*PROBLEM TO WORK ON*:
With the pictures left out, please write out exactly each line from the one containing "Quando inizi a" through the end of the material.

*SUPPLIED INFORMATION*:
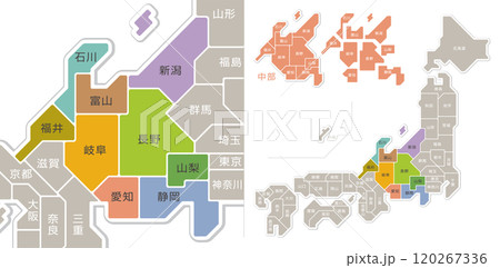 中部地方、中部地方の各県の地図、カラフルで明るい
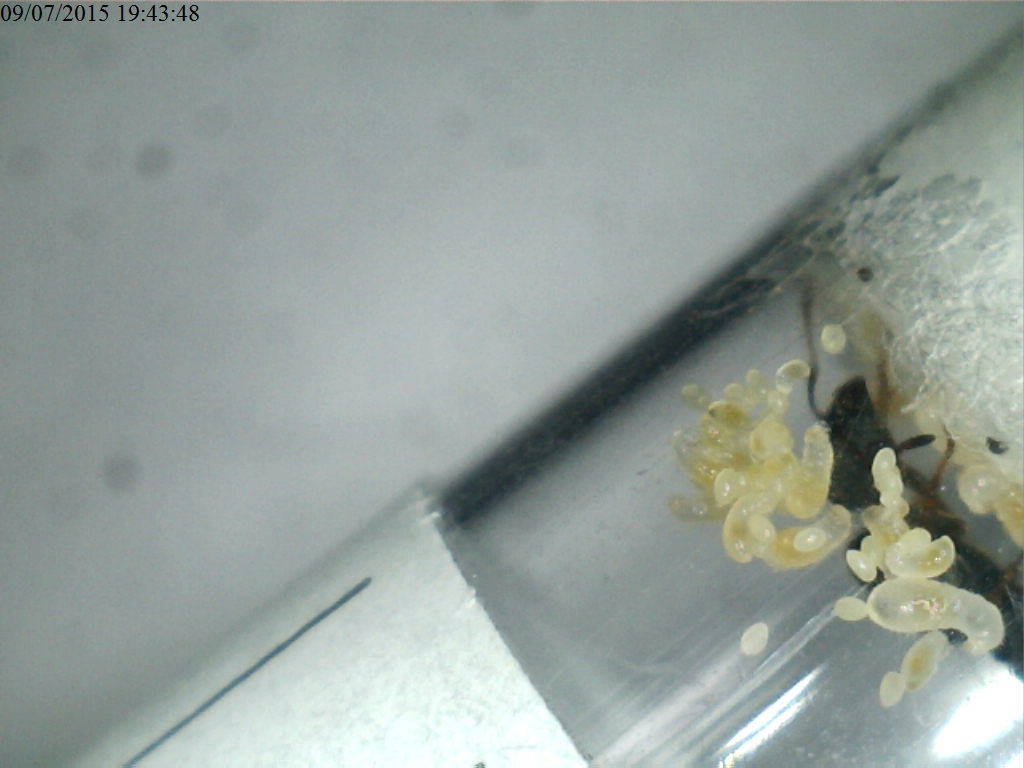 Quando inizi a vederle un po' più giallognole, significa che si stanno per schiudere o sono già larve! Conta che la colonia numero uno l'ho trovata circa il 28 giugno (quindi 11 giorni fa, cioè pochissimi rispetto ad altre formiche!
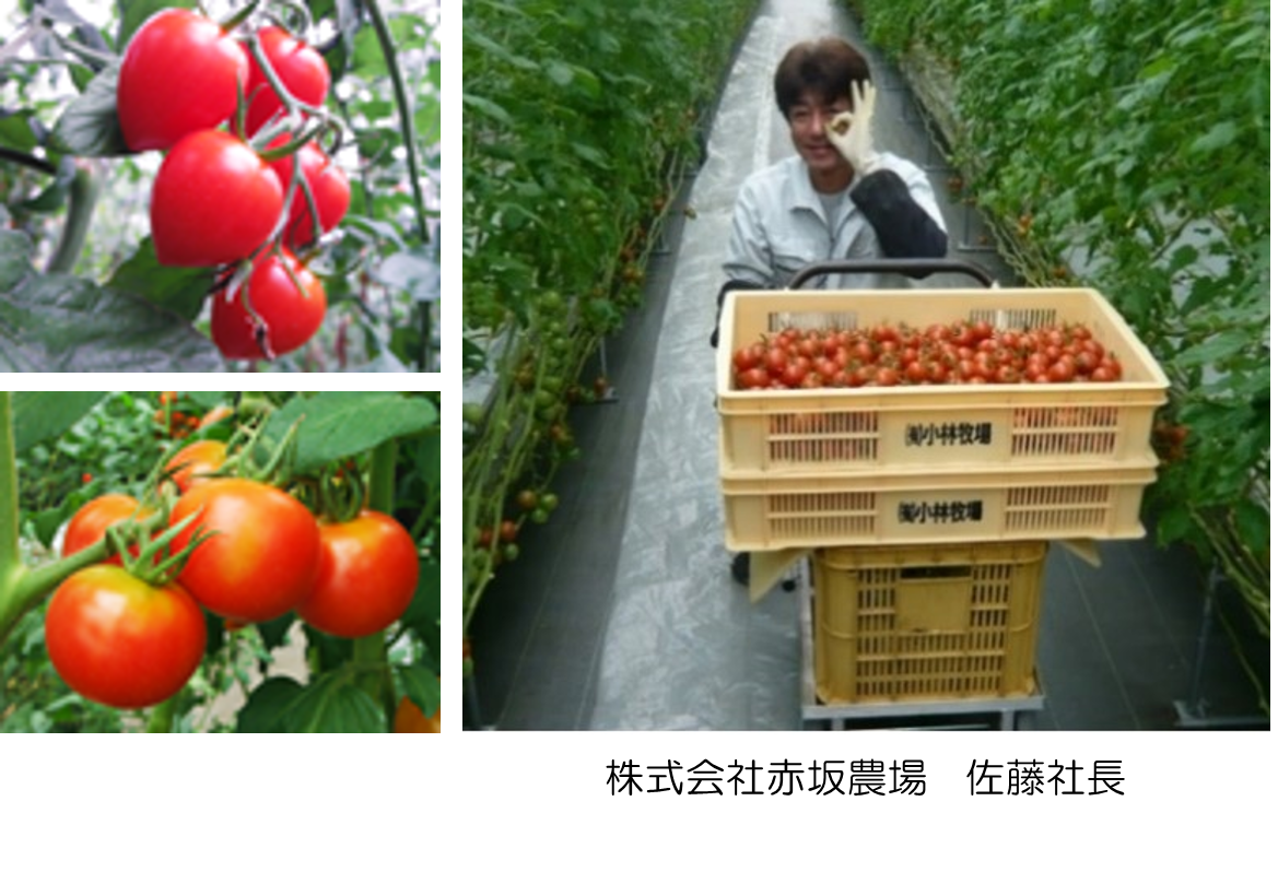 「赤坂とまと」は山梨県甲斐市のブランドトマトです。「美味しいトマトを食べてほしい」という生産者の想いで完熟してからの収穫を行っており、トマトの甘さが特長です。完熟してから収穫するため、輸送が難しく普段は山梨県外にあまり出回りません。
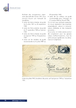 Lettre de juillet 1949, 2e échelon de poids, tarif du 6 janvier 1949 au 7 décembre

*OUTPUT FOR THIS EXERCISE*:
 Quando inizi a vederle un po' più giallognole, significa che si stanno per schiudere o sono già larve! Conta che la colonia numero uno l'ho trovata circa il 28 giugno (quindi 11 giorni fa, cioè pochissimi rispetto ad altre formiche!
 「赤坂とまと」は山梨県甲斐市のブランドトマトです。「美味しいトマトを食べてほしい」という生産者の想いで完熟してからの収穫を行っており、トマトの甘さが特長です。完熟してから収穫するため、輸送が難しく普段は山梨県外にあまり出回りません。
 Lettre de juillet 1949, 2e échelon de poids, tarif du 6 janvier 1949 au 7 décembre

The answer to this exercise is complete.